Edited by me on the Canva android application.
So I decided to take a closer look at the YES and NO replies, and I discovered how, in fact, significant they are in the representation of our personalities, emotions, and mindset per time, other than being mere replies to questions or requests.
Passively, when the Yes word is heard or seen, one passes a positive judgement on it, and negativity is tagged to the No, but we all know that both are positive and negative depending on the given circumstance.
The Yes and No replies, in many cases, are just a warm hide-out for our fears, insecurities, indecision, and any other psychological or emotional state. Sometimes they're even a shield for our fragile or stony hearts.
For instance, I saved up to buy this very adorable red crystal detailed Dior heels, and I decided to display it at the top of my wardrobe so it can decorate my room while I figure out what manner of ceremony would be worthy of my feet blessing it with such class, and my sister appears one day and spits out a careless "can I borrow your red heels please?" poison (What? You mean my savings that I haven't even tasted before? Just red heels? You won't even show some respect to the designer? I mean, I'd die for you girl, but those heels? Na...). I can reply with a simple "yes, but be careful with it", or "no, take the black heels in the closet instead", but she'll never know how close she came to dying or killing me for my red designer heels.
On another note, my boss could break into the office, chanting about how I did a crap job with my report and put him in a fix with the management and almost deep-sixed the department's performance for the month, and as he's leaving, I hear a deafening "Wakky do you understand me?!", then I own my "Yes Sir!" with my chest out and chin up, and just waltz away, when my heart is cracking a kumbaya like "no, I don't understand you sir, I can't even hear you.. Don't yell at me please.. I'm a baby 😥".
Okay, those are the very mere cases. My concern is when you say a blatant No to love with shoulders squared, when your heart was screaming "Yes! But I'm scared, and I need you to please help me deal with that, I'm tired of trying alone.."; and when you say Yes to a downgrading situation because you're tired of fighting or waiting, or you're just afraid to do what it takes for what's preferred to come.
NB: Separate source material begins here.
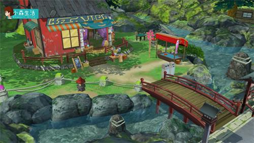 再往前走有一座枫色长桥,红顶石灯笼矗立于清澈池水边,石头与青苔错落,一片苍翠笼罩下的是一方古朴庭院,这里是神隐婆婆的杂货店,婆婆站在门口晒着太阳,看到往来的孩子,都会打个招呼,笑容都是暖洋洋的。前面拐个弯,就是村子的广场了,要是在村子里逛累了,可以坐在这里的村子里晒着太阳,吃着红豆饼,在秋千上晃呀晃,好像一切烦恼都烟消云散了。
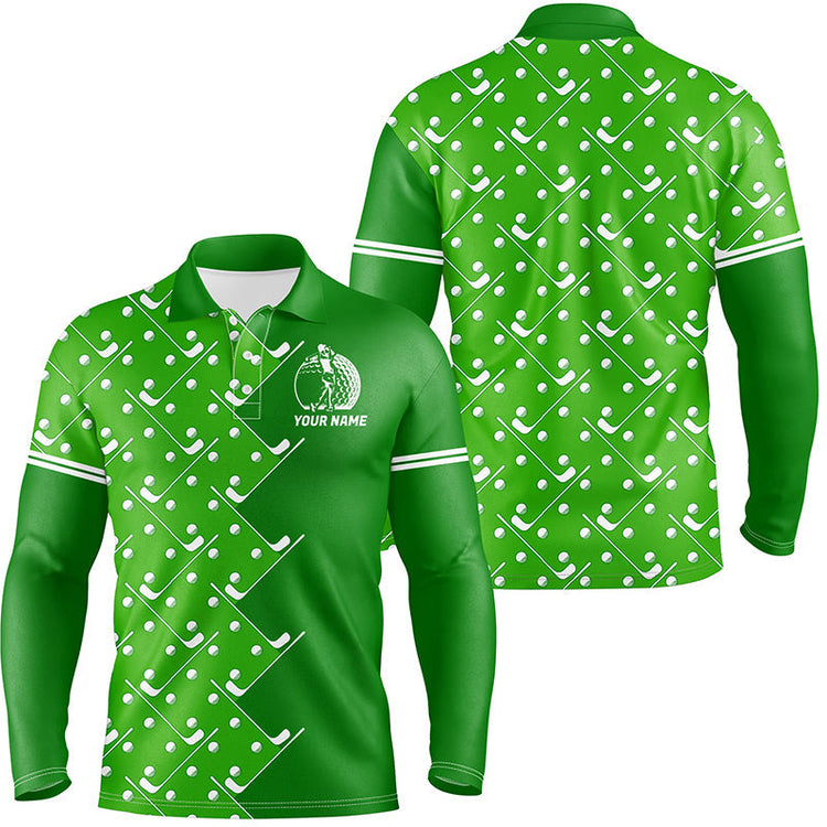 Mens Golf Long Sleeve Polo Shirts Custom Green Golf Pattern Men's Golf Clothing, Unique Golf Gifts

My concern is when you'd rather say a damning yes to the bleeding of your heart, than say no and walk away from them or it.
A little over a year ago, I tried exercising my prowess over this kind of battle, and whenever I was faced with two such situations, I would choose the more difficult one and stick. This cost me a lot, but not compared to what I gained. I realized sometimes it's easy to help other people out of situations we can't help ourselves out of. I also realized I still lag somehow in the same subject, and my consolation is that we're humans, we never have it all perfectly figured out.
Unarguably, there are times when Yes or No means "give me time to think about it, I might want to change my mind later", because it's okay to be confused and uncertain sometimes. However, I would like to be well grounded, so much so that whenever a debilitating or orgasmic event calls for a reply to a once in a lifetime kind of question like "is this really what you want?", I would know the right point of no return to choose.